Required work – Retype the material that follows exactly, limited to the lines from the one with "前後調節精準貼合腰椎曲線,減緩長時間坐姿壓力。" through the one with "オトクーポン画面が表示された", and keep out all pictures.

Records supplied –
══════

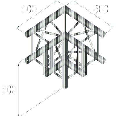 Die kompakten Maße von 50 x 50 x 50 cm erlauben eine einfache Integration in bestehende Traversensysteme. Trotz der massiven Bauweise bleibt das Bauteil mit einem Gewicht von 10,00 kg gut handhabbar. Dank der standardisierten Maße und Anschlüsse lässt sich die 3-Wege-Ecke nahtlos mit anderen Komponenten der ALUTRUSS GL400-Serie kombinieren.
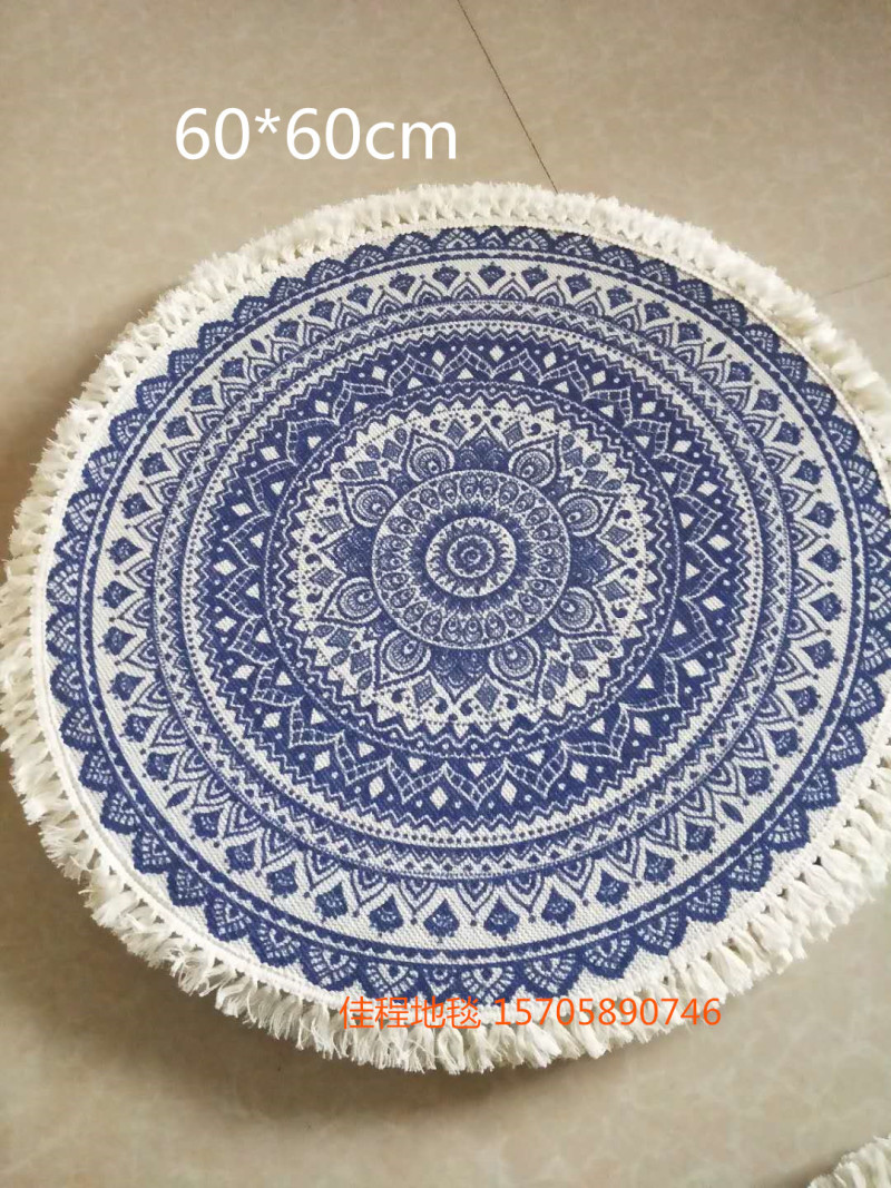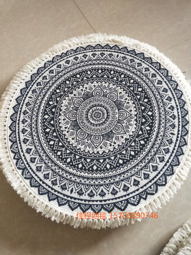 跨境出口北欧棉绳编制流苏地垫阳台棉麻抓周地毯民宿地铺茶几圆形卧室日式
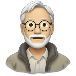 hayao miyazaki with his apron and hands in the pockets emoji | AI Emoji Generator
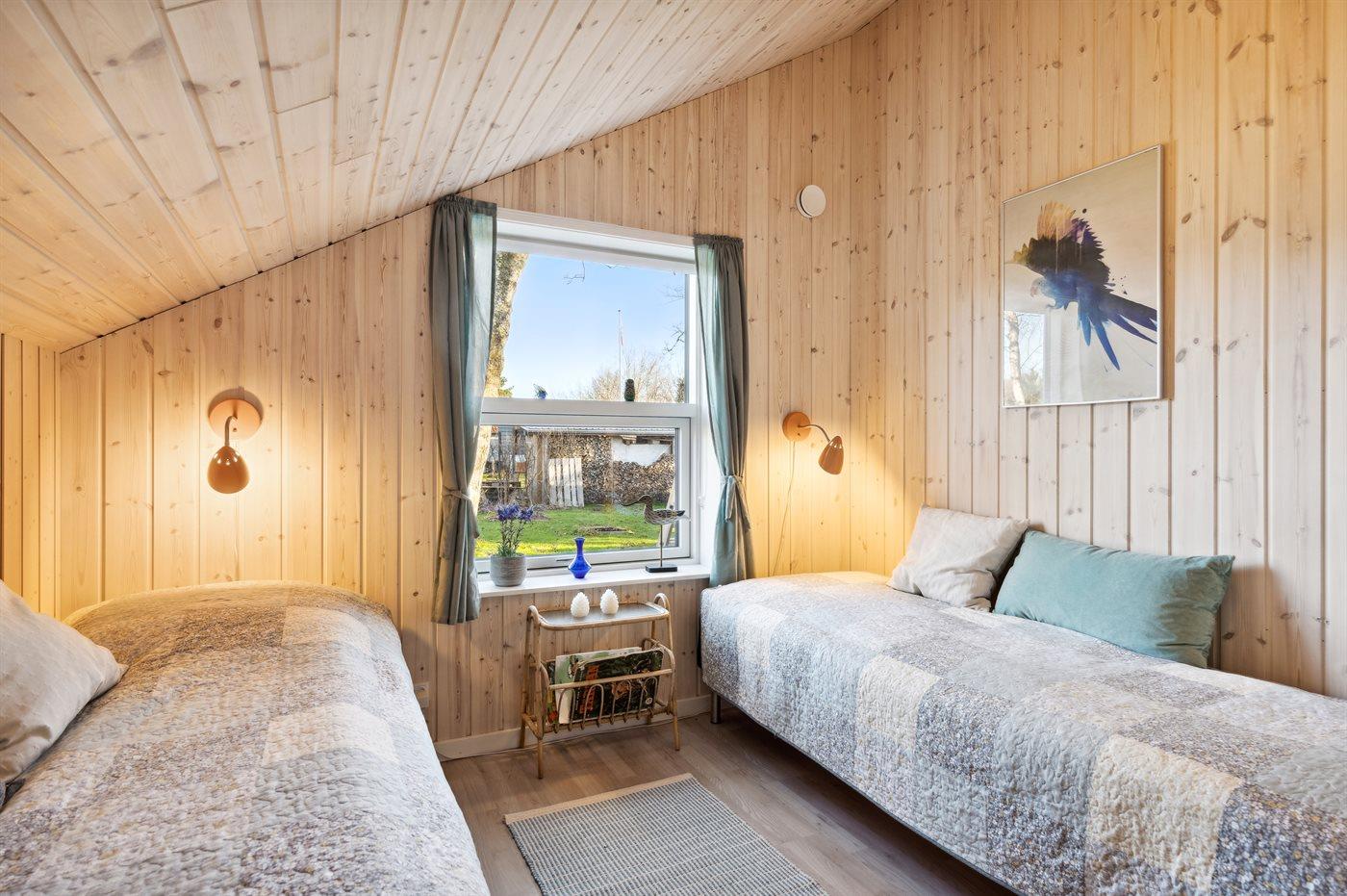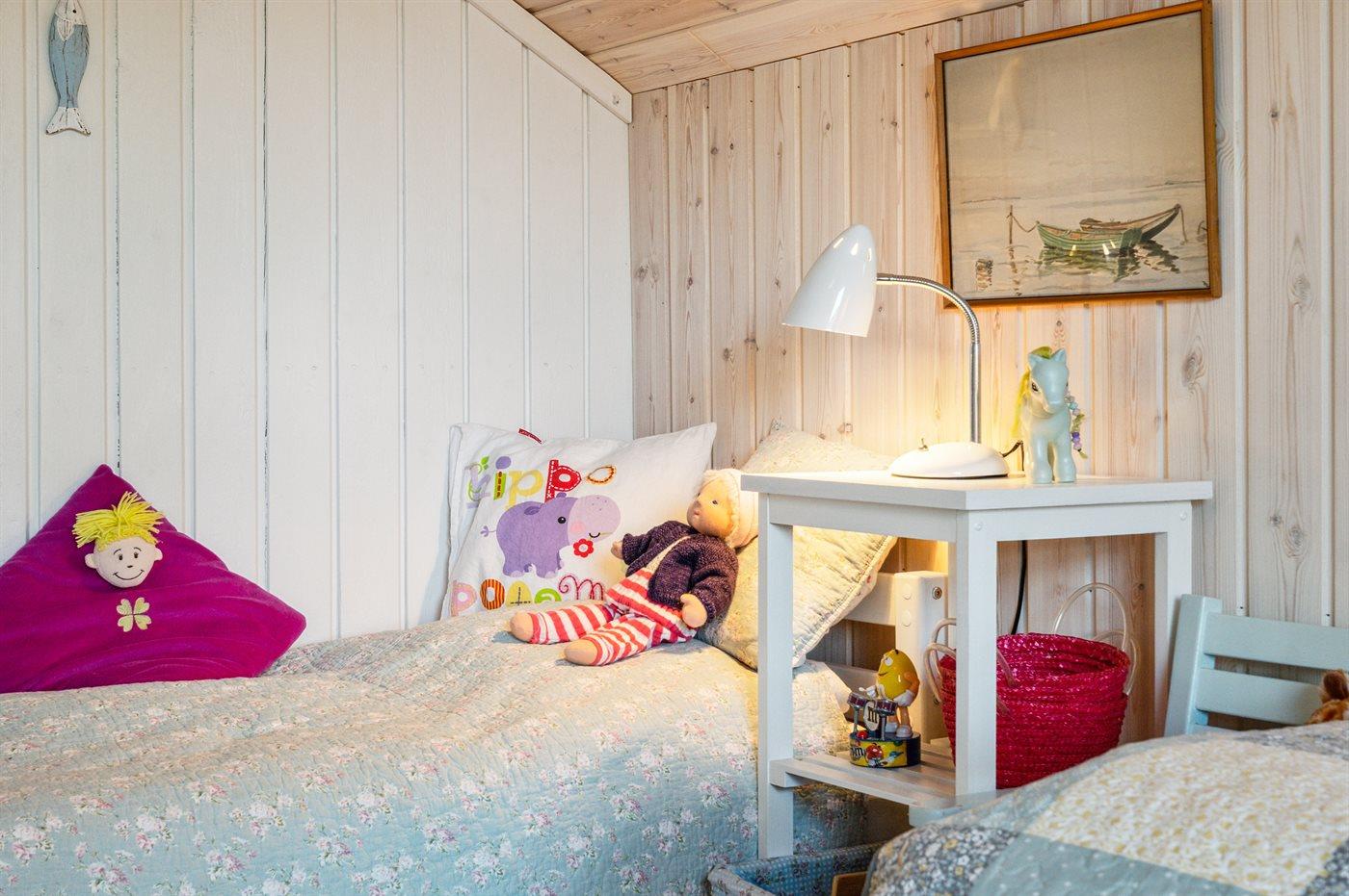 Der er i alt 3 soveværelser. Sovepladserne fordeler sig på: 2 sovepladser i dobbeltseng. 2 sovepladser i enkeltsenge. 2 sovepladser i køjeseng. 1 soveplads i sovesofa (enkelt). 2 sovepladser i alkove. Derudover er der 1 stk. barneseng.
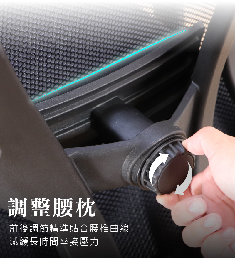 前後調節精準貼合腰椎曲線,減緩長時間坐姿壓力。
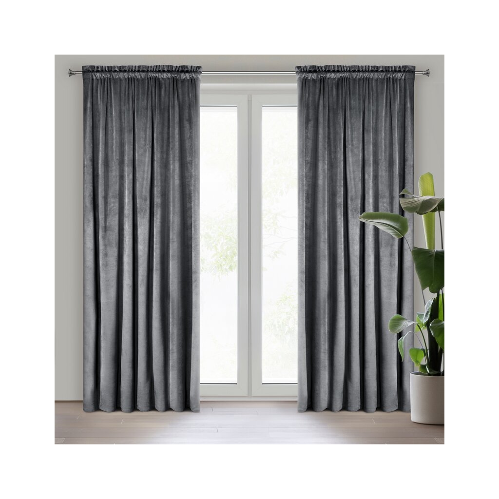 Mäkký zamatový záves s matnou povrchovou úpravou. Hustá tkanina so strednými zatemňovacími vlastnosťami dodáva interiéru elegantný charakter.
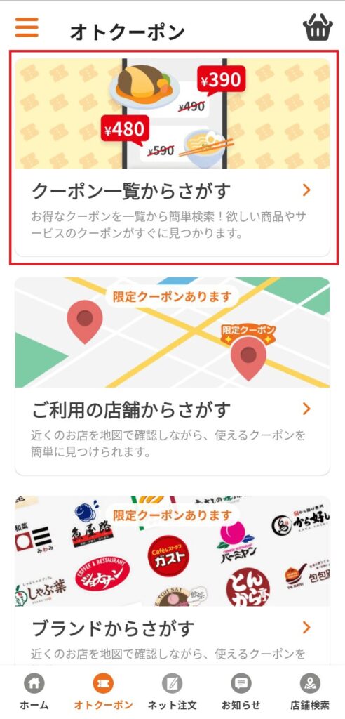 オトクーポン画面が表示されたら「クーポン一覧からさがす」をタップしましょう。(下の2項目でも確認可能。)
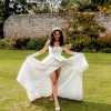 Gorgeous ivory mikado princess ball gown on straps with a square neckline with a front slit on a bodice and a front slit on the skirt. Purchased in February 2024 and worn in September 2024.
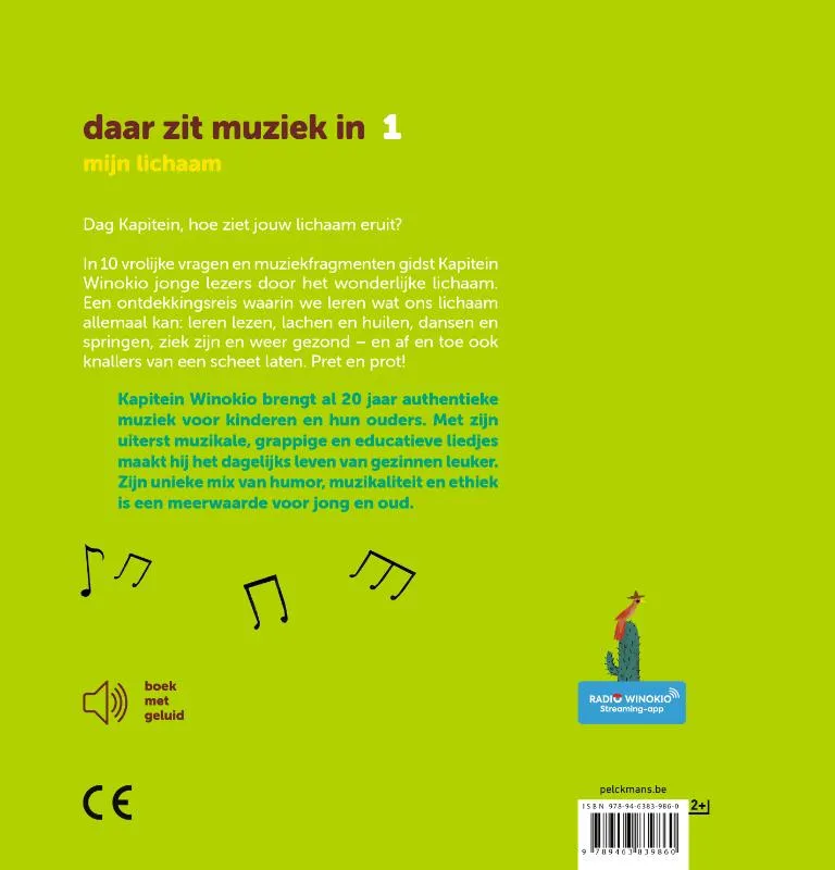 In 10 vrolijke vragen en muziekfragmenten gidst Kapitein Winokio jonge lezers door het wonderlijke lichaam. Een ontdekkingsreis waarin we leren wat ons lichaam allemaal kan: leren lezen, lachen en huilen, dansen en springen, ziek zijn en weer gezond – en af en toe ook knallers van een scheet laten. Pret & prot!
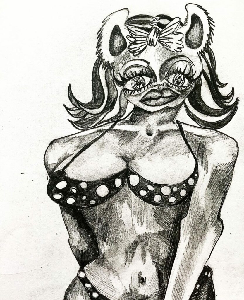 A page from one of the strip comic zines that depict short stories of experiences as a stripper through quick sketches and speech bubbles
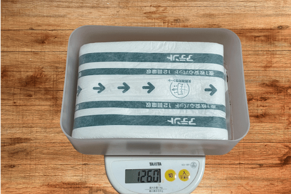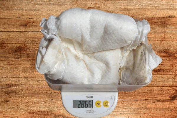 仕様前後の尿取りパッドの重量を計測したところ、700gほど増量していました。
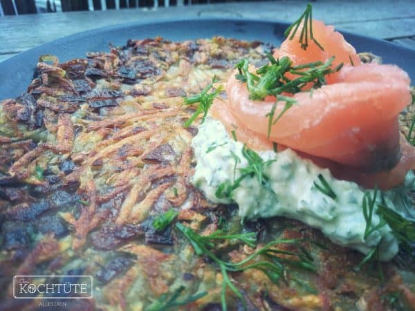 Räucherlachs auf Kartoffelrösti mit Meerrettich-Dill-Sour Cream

══════

Task result –
 前後調節精準貼合腰椎曲線,減緩長時間坐姿壓力。
 Mäkký zamatový záves s matnou povrchovou úpravou. Hustá tkanina so strednými zatemňovacími vlastnosťami dodáva interiéru elegantný charakter.
 オトクーポン画面が表示されたら「クーポン一覧からさがす」をタップしましょう。(下の2項目でも確認可能。)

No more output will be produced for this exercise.